- Work request -
An exact transcription of all the records, free of pictures, is the expected answer.

- Data for processing -
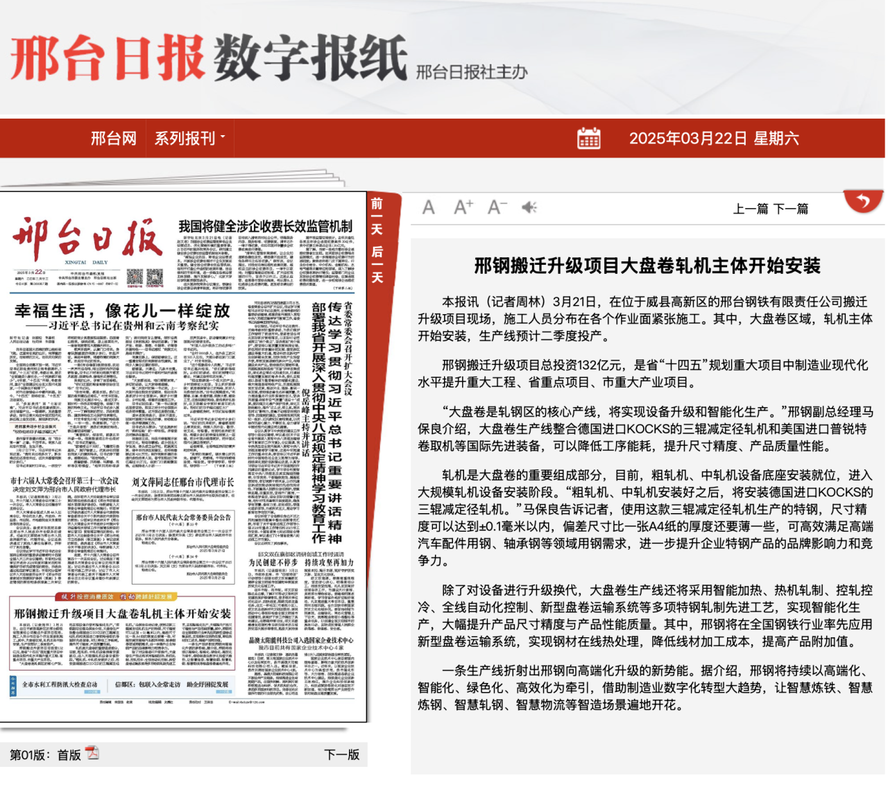 3月21日,在位于威縣高新區(qū)的邢臺鋼鐵有限責任公司搬遷升級項目現(xiàn)場,施工人員分布在各個作業(yè)面緊張施工。其中,大盤卷區(qū)域,軋機主體開始安裝,生產(chǎn)線預(yù)計二季度投產(chǎn)。
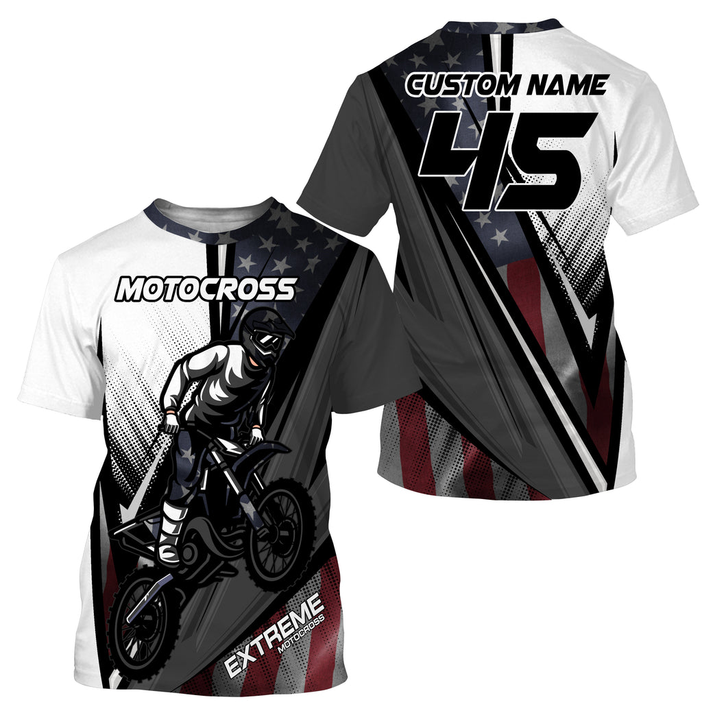Personalized Motocross Jersey UPF30+ Patriotic Racing Shirt American Biker Motorcycle US Adult&Kid| NMS715
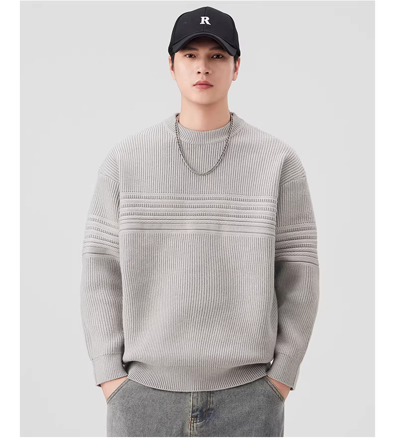 Áo len cổ tròn sọc dọc OMZM dành cho nam, mùa thu đông, chất liệu dệt kim dày 8 pound, có họa tiết, áo thun mặc bên trong.
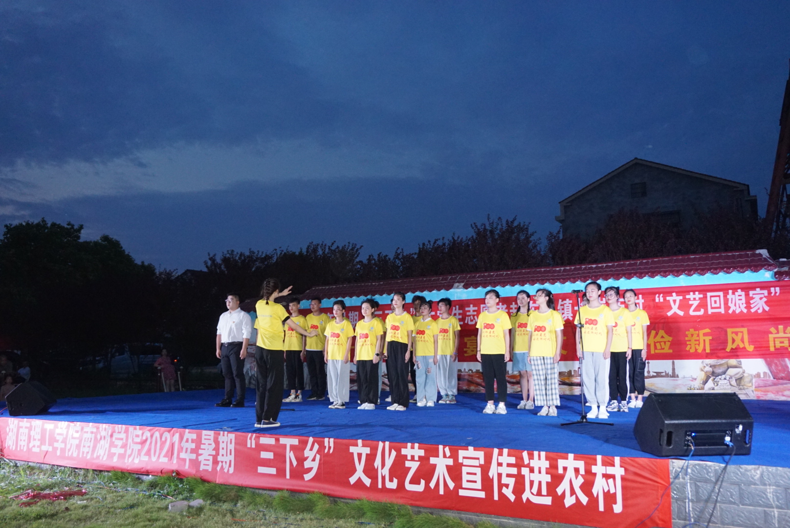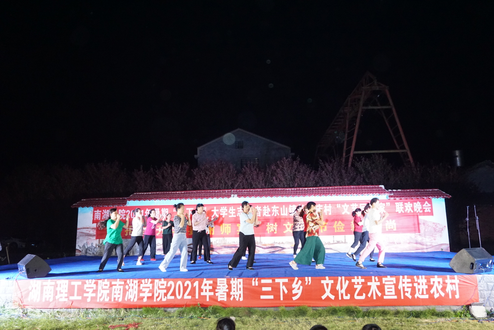 7月11日晚,“文艺回娘家”联欢晚会在华容县东山镇长岗庙村村民服务中心举行。东山镇镇长文磊、东山镇党委委员刘琼、长岗庙村村支两委全体干部、岳阳市益阳商会副会长刘勇、体育学院副院长马岳良、南湖学院党委书记柳周峰、副院长李革新、机电系党总支书记喻立平、团委书记夏玉宁、机电系团总支书记王紫梦以及300余名长岗庙村村民齐聚一堂,欣赏了丰富多彩的文艺节目。
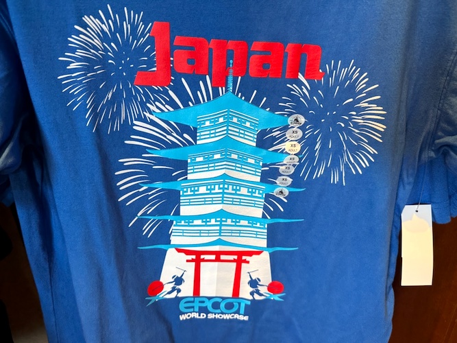 There is no movie-specific imagery for the new Japan shirt, but rather the area’s distinctive Japanese pagoda and torii gate are included, backed by fireworks forming a Mickey shape.
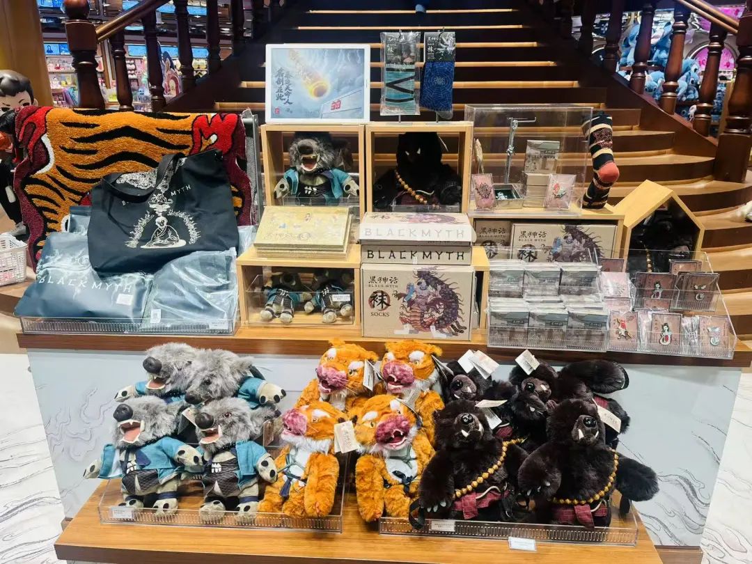 开业当天,门店首发黑神话官方衍生品专区,涵盖毛绒、徽章、袜子、配饰等丰富的SKU,以及IP红包、春联等联名赠品周边,店内通往二楼楼梯的显示屏上,至今还在循环播放游戏里的经典场景。
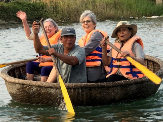 This is a basket boat, called a “thung chai.” The origin of these boats goes back to when the French levied taxes on boats in Vietnam The fishermen circumvented these taxes by designing circular woven “baskets” that just so happened to also function as boats.

- Answer below -
 3月21日,在位于威縣高新區(qū)的邢臺鋼鐵有限責任公司搬遷升級項目現(xiàn)場,施工人員分布在各個作業(yè)面緊張施工。其中,大盤卷區(qū)域,軋機主體開始安裝,生產(chǎn)線預(yù)計二季度投產(chǎn)。
Personalized Motocross Jersey UPF30+ Patriotic Racing Shirt American Biker Motorcycle US Adult&Kid| NMS715
 Áo len cổ tròn sọc dọc OMZM dành cho nam, mùa thu đông, chất liệu dệt kim dày 8 pound, có họa tiết, áo thun mặc bên trong.
 7月11日晚,“文艺回娘家”联欢晚会在华容县东山镇长岗庙村村民服务中心举行。东山镇镇长文磊、东山镇党委委员刘琼、长岗庙村村支两委全体干部、岳阳市益阳商会副会长刘勇、体育学院副院长马岳良、南湖学院党委书记柳周峰、副院长李革新、机电系党总支书记喻立平、团委书记夏玉宁、机电系团总支书记王紫梦以及300余名长岗庙村村民齐聚一堂,欣赏了丰富多彩的文艺节目。
 There is no movie-specific imagery for the new Japan shirt, but rather the area’s distinctive Japanese pagoda and torii gate are included, backed by fireworks forming a Mickey shape.
 开业当天,门店首发黑神话官方衍生品专区,涵盖毛绒、徽章、袜子、配饰等丰富的SKU,以及IP红包、春联等联名赠品周边,店内通往二楼楼梯的显示屏上,至今还在循环播放游戏里的经典场景。
 This is a basket boat, called a “thung chai.” The origin of these boats goes back to when the French levied taxes on boats in Vietnam The fishermen circumvented these taxes by designing circular woven “baskets” that just so happened to also function as boats.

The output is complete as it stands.